Это самое важное. Это то, чему нельзя научить по методичке. Можно выучить технику активного слушания, калиброванные вопросы, маркировку эмоций. Но если за этим нет настоящего интереса к человеку на другом конце — он это услышит. И поймёт. Люди в кризисе особенно чувствительны к фальши. Они проживают настоящее время с такой остротой восприятия, которая бывает только на краю пропасти.
— Верю, — сказал Гиркин.
Следующий час был самым сложным.
Руслан не стал жёстче. Наоборот — он стал мягче, и это было в каком-то смысле опаснее. Потому что люди, когда они становятся мягче в таких ситуациях, иногда пугаются этого сами. Чувствуют, что теряют почву под ногами. И могут сделать что-то резкое, уже не из-за агрессии, а из-за страха.
Гиркин работал тонко. Он не давил на Руслана, не вёл его к выходу напрямую — это было бы ошибкой. Вместо этого он строил картину: что будет, если они найдут соглашение. Не абстрактную «сдайся и всё будет хорошо» — конкретную. Чтобы Руслан видел всё, что может произойти. Разговор с прокурором по делу Артёма — реальный, уже согласованный ход. Это Гиркин подтвердил, когда аналитик передал ему записку. Публикация обращения группы, захватившей заложников — не в форме новостного сюжета о захвате, а в форме официального заявления, переданного через адвоката, тоже осуществлялась. Это было реальным — юрист, специализирующийся на политических делах, был готов принять документ.
Каждый маленький шаг — ещё один заложник. Ещё один. Ещё один.
В три часа сорок две минуты внутри оставалось двое.
В четыре пятнадцать — одна.
В четыре сорок восемь — последняя заложница вышла. Пожилая женщина, технический персонал, Ирина Степановна, шестьдесят один год. Она шла медленно, и кто-то из бойцов побежал ей навстречу.
В автобусе тишина.
Потом — выдох. Сразу несколько человек успокоились, поняв, что дело сделано.
Кравцов стоял у двери. Смотрел на монитор. Потом посмотрел на Гиркина.
— Все?
— Все одиннадцать, — сказал аналитик.
С Русланом они говорили ещё сорок минут.
Не о заложниках — они уже вышли. О том, что дальше. Руслан спрашивал — прямо, без обиняков — что ему грозит. Гиркин отвечал честно: много. Статьи серьёзные. Адвокат — обязательно хороший. Признание вины частичное, возможно, даст возможность для переговоров о квалификации. Это не гарантии — это реальность.
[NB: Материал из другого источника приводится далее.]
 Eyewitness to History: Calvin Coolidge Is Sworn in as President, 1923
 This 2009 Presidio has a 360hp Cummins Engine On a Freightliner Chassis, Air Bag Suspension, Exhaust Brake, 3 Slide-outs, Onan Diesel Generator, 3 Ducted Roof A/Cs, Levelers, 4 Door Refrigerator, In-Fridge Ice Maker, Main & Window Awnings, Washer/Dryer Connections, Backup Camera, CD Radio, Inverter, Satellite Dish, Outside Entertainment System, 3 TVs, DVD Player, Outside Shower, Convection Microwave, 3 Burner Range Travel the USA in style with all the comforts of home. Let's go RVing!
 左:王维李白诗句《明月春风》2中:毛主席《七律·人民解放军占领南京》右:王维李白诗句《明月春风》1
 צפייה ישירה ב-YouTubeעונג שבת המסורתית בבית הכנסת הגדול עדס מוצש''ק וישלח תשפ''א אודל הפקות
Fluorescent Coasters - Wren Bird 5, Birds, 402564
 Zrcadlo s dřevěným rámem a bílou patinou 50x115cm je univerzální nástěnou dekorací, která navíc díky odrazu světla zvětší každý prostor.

— Почему ты говоришь мне это? — спросил Руслан. — Ты же должен говорить «сдавайся, и всё будет хорошо».
— Потому что «всё будет хорошо» — ложь, — сказал Гиркин. — Не всё будет хорошо. Но кое-что может быть лучше, чем могло бы быть. Это другое.
Молчание.
— Ладно, — сказал Руслан наконец. — Скажи им снаружи: мы выходим через чёрный выход. Не через главный. Через чёрный. И никакого оружия на нас не направлять — пока мы не уйдём за территорию. Это условие.
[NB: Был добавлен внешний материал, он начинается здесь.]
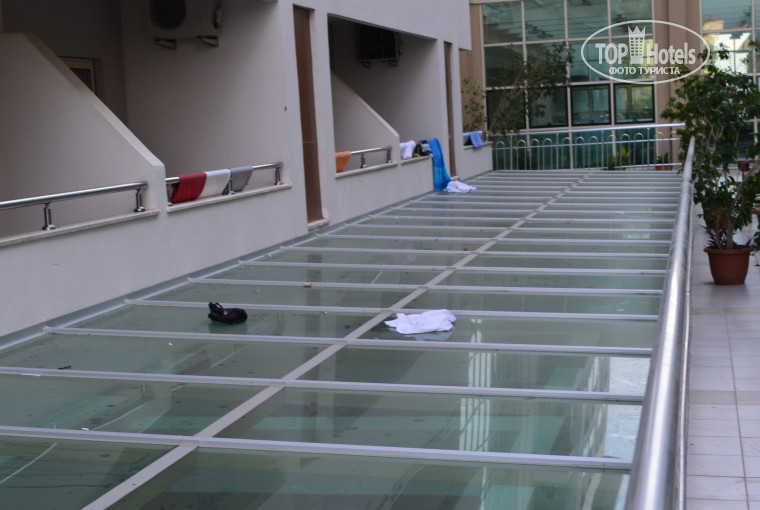 Решили отметить два юбилея в приятной обстановке с мужем,сыном и его женой.С первых минут прибывания в отеле стало ясно,что мы безнадежно ошиблись с выбором:к морю можно пройти только выйдя из отеля через центральный вход или запасной от бара на пляже(это только днем),далее по дороге метров 100(от центрального входа) до пересекающей ее дороги,перейдя через нее идешь мимо жилого строения,машин на стоянке,мусорных баков,канализационного люка,стоящих пивных бочек около бара на пляже.При этом идти нужно по щебенке.Дороги просто нет.Кстати,бар на пляже оказался одновременно а ля карт рестораном(рыбным),в который нас угораздило записаться в день нашего двойного юбилея.На стол через 20 мин. прибывания принесли то,что давали на обед в столовой,вся закуска оказалась кисловатой,еще через 15 мин принесли кисловатый суп(и это почти в 20 ч)вечера,далее мы просидели почти 30мин.,не дождавшись ничего встали и ушли поесть в столовую,чтобы не остаться вообще голодными.Думали в другом а ля карт будет лучше,но и там история повторилась,ушли через 40 мин.Номер нам достался на 1 этаже с выходом на грязнейшую стеклянную крышу,прямо перед балконом столики ресторана барбекю,где каждый вечер сидит множество людей,со всеми вытекающими....Справа магистраль и постоянный шум от машин.В номере сырость и комары,т.к. под номером баня.Окна вообще не открывали,напротив другое здание,где живут турки. На ресепшене один из служащих,кот . назвался Байрамом предложил семейный номер с выходом на бассейн за доп. оплату.и после того,как мы сказали,что платили за два отдельных номера ,а не один семейный,он разозлился и сделал все,чтобы мы просидели в ожидании номера 5 часов и дал нам самые плохие номера.Про питание писать смысла нет,т.к.уже другие написали про это.Про лифты правду пишут,дети наши застревали в них не один раз.И разве это ультра?!Мы с мужем,вернувшись с прогулки искали просто воды и не могли найти,все емкости были пусты.Анимация безобразная,пошлая,амфитеатр маленький,душный.В лобби всегда темно,свет,видимо экономят.Персонал не то,что раздраженный,а агрессивный.В столовой часто не хватало тарелок,вилок и,видимо из-за этого ,однажды к нам"подлетел"уборщик посуды,схватил тарелку у сына,который еще не закончил трапезу,из тарелки упала вилка,плюхнулась в соус,который испачкал сыну футболку,а работник ,не извинившись,бросил со злостью тарелку в тележку и помчался дальше..В общем,в последний день не хотелось выходить из номера.Ждали возвращения,как избавления от кошмара.Единственный плюс-бесплатный сейф в номере и нам повезло с уборщицей.Все,с кем мы там познакомились,так же,как и мы ждали с нетерпением скорейшего возвращения на Родину.Разве это отдых?Потраченные нервы и деньги.

Он не сдаётся. Он уходит. Это принципиально важно для него — сохранить нарратив о том, что он не капитулировал. С психологической точки зрения, это его право. С практической — это уже не моя зона ответственности. Моя задача — заложники. Заложников нет. Остальное — работа других людей.
— Ладно, — сказал Гиркин.
Он повернулся к Кравцову.
Полковник смотрел на него долго. Потом произнёс тихо, только для Гиркина:
— Через чёрный выход они попадут на улицу Промышленную. Там у меня три группы.
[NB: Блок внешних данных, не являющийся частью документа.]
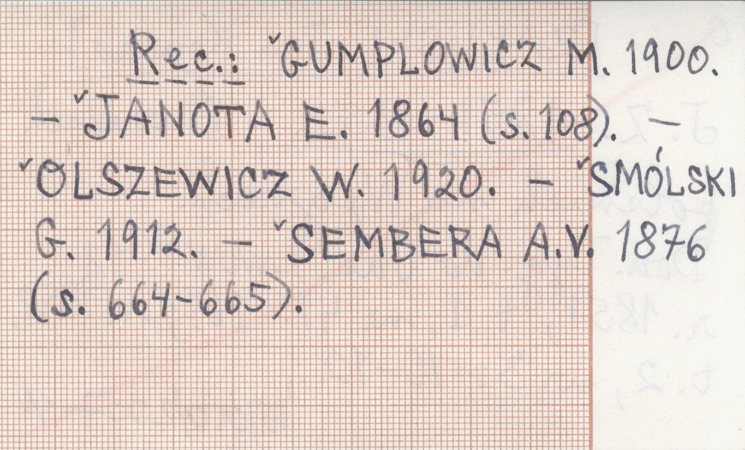 Dodatek Tygodniowy do Gazety Lwowskiej, 1851, t. 1, nr 41: 161 ; 1852, t. 2, nr 3: 10-12. REC: GUMPLOWICZ M. 1900 ; JANOTA E. 1864: 108 ; OLSZEWICZ W. 1920 ; SMÓLSKI G. 1912 ; SEMBERA A. V. 1876: 664-665 ;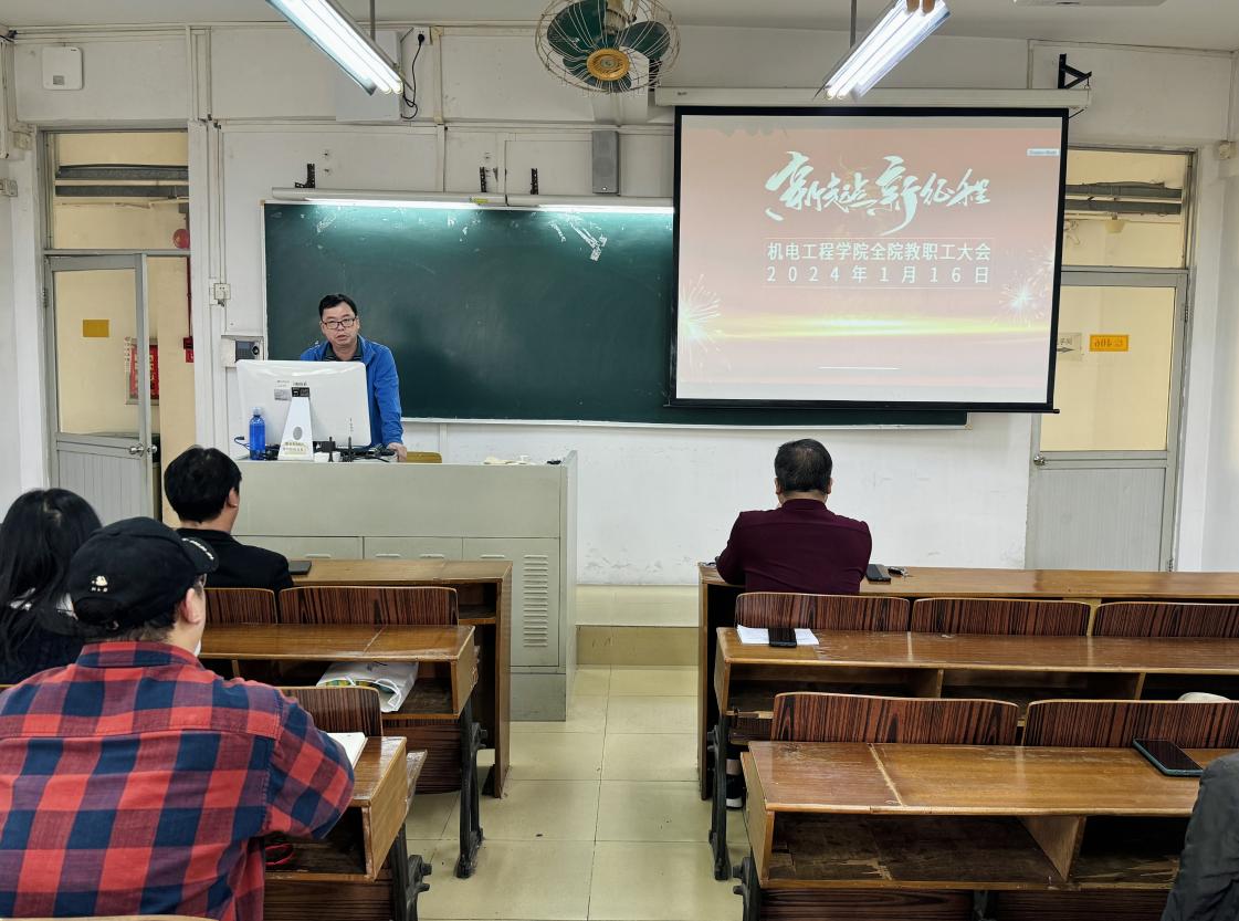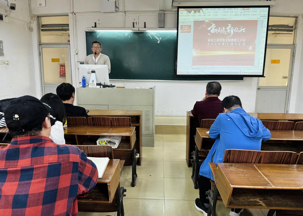 为全面总结本学期工作经验,清晰规划新学期工作思路,机电工程学院于2024年1月16日下午2点10分在菲律宾亚星222官网天河校区西区406室召开全院教职工大会。全体教职工参加会议,会议由机电工程学院党总支书记邵超城主持。
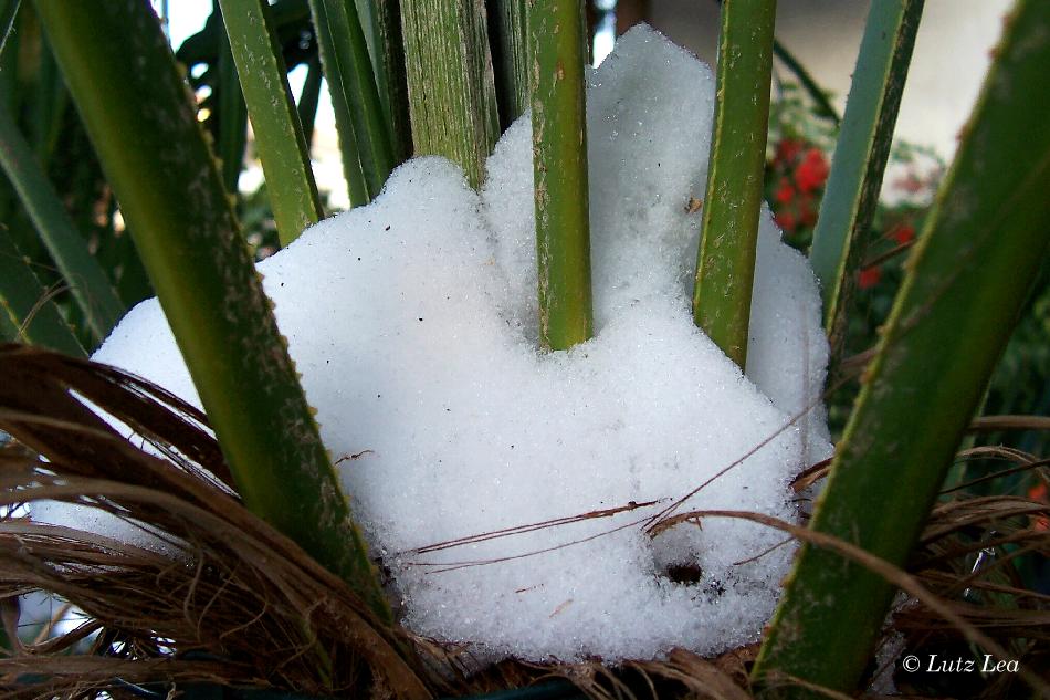 trotz der gestrigen 1,9°C und der heutigen 4,3°C (Plus natürlich), ist das Schneeehäubchen an der Stammspitze bei unserer Vorgarten-Trachy nicht, bzw. nur ganz gering angetaut, geschweige denn abgetaut.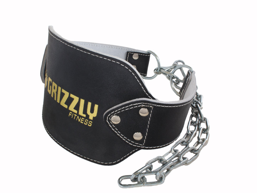 Grizzly Fitness Leather Dip, Pull Up and Chin Up Belt for Weight Lifting, Weight Training and Body Building by Men and Women | Used by Pros | Thick Multi-Ply Leather Construction with Reinforced Double Stitching for Extra Durability | Solid Steel 36" Chain with D-Ring and Snap Closure | Wide Soft Leather for Comfort during heavy lifts | One-Size

— Это ваше дело, — сказал Гиркин так же тихо. — Моё дело закончено.
Кравцов помолчал.
— Да, — сказал он. — Закончено.
В пять часов двенадцать минут Руслан и трое его людей вышли через чёрный выход склада и исчезли в темноте промышленного квартала.
Исчезли в темноте. Или только казалось, что исчезли. Это был уже не вопрос Гиркина.
Он сидел в переговорном автобусе. Все вокруг двигались — аналитики собирали оборудование, кто-то уже говорил по телефону, кто-то вышел на улицу. Кравцов ушёл координировать преследование, бросив Гиркину на ходу: «Хорошая работа».
Гиркин не двигался.
Он держал телефон двумя руками — как в начале. Трубка остыла.
Тридцать семь часов. Одиннадцать человек живы. Никаких выстрелов. Никакого штурма. Сергей Валентинович в реанимации, но стабильно — сердечный приступ, но не инфаркт, успели. Лариса Николаевна уже, наверное, говорит по телефону с детьми.
Руслан — где-то. Артём — в изоляторе, и неизвестно, что будет с его делом. Может, ничего не изменится. Может, прокурор поговорит, посмотрит, найдёт нарушения при задержании. Может — нет.
Я сделал то, что мог.
Он положил трубку на стол. Взял стакан с кофе. Кофе давно остыл и был отвратителен. Он выпил его до дна.
За окном начинало светать — не рассвет ещё, только та серость, которая предшествует рассвету, когда темнота уже не тёмная, а просто серая. По двору склада шли люди в форме. Скорые уезжали. Оцепление начинало сворачиваться.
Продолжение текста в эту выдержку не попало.